EXERCISE OBJECTIVE> The answer must consist of every line below containing "digital".

MATERIAL PROVIDED>
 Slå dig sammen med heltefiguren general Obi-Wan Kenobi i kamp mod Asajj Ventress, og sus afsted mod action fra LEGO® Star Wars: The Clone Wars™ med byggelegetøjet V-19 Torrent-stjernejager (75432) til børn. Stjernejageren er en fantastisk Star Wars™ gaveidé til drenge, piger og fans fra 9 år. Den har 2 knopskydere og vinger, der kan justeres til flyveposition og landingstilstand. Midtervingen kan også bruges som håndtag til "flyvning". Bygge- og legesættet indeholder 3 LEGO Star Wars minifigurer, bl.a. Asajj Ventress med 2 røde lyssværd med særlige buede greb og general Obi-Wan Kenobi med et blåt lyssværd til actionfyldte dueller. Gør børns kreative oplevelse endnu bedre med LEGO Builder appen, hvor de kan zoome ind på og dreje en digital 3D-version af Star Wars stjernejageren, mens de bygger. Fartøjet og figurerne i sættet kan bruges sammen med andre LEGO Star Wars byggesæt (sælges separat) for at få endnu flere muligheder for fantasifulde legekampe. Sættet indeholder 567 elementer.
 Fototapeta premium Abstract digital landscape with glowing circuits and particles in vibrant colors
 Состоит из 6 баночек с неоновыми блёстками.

...

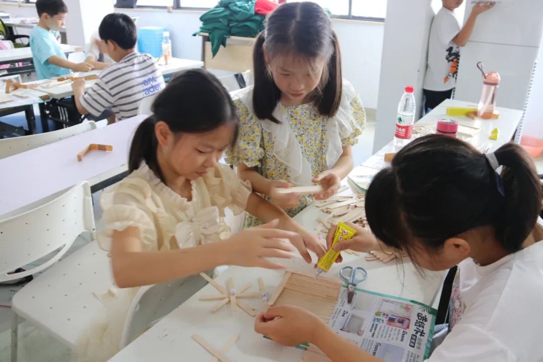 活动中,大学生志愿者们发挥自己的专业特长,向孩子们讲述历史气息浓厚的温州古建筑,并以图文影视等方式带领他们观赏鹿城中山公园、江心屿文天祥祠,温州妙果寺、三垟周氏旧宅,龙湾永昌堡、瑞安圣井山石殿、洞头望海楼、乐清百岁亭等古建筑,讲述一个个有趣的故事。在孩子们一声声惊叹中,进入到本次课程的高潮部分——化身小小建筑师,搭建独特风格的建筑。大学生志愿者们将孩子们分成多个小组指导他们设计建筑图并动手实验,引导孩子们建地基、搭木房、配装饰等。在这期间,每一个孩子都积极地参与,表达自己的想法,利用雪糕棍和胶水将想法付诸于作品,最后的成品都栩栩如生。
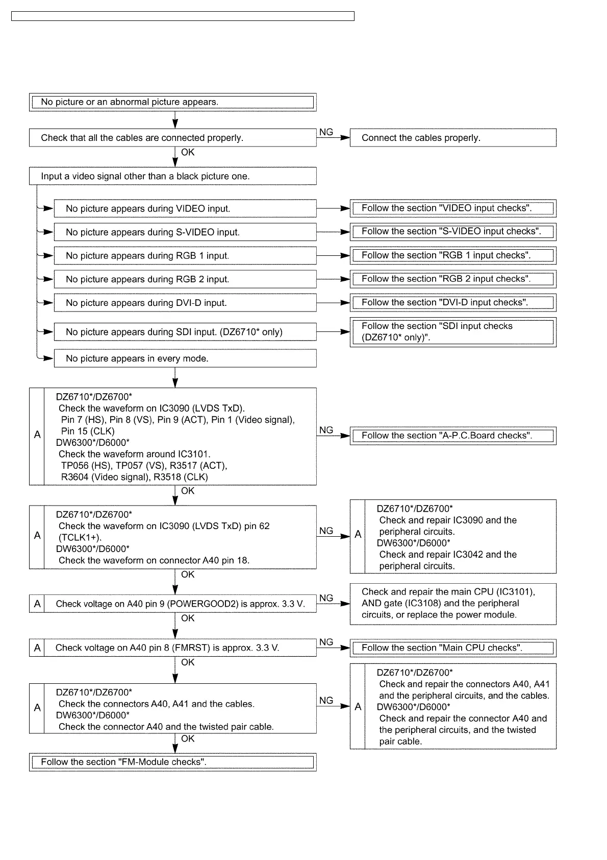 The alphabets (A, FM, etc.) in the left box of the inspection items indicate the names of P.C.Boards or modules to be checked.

...

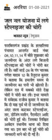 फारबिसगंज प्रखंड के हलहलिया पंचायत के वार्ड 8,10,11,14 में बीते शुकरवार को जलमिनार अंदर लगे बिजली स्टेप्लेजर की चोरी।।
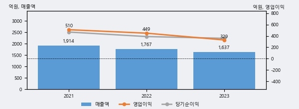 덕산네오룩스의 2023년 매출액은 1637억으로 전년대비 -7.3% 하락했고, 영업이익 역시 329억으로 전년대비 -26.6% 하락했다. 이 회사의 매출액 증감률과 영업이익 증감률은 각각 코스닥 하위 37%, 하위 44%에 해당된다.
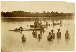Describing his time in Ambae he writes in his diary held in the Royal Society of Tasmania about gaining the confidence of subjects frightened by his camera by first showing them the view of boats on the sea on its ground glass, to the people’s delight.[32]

SOLUTION TO THIS TASK>
 Slå dig sammen med heltefiguren general Obi-Wan Kenobi i kamp mod Asajj Ventress, og sus afsted mod action fra LEGO® Star Wars: The Clone Wars™ med byggelegetøjet V-19 Torrent-stjernejager (75432) til børn. Stjernejageren er en fantastisk Star Wars™ gaveidé til drenge, piger og fans fra 9 år. Den har 2 knopskydere og vinger, der kan justeres til flyveposition og landingstilstand. Midtervingen kan også bruges som håndtag til "flyvning". Bygge- og legesættet indeholder 3 LEGO Star Wars minifigurer, bl.a. Asajj Ventress med 2 røde lyssværd med særlige buede greb og general Obi-Wan Kenobi med et blåt lyssværd til actionfyldte dueller. Gør børns kreative oplevelse endnu bedre med LEGO Builder appen, hvor de kan zoome ind på og dreje en digital 3D-version af Star Wars stjernejageren, mens de bygger. Fartøjet og figurerne i sættet kan bruges sammen med andre LEGO Star Wars byggesæt (sælges separat) for at få endnu flere muligheder for fantasifulde legekampe. Sættet indeholder 567 elementer.
 Fototapeta premium Abstract digital landscape with glowing circuits and particles in vibrant colors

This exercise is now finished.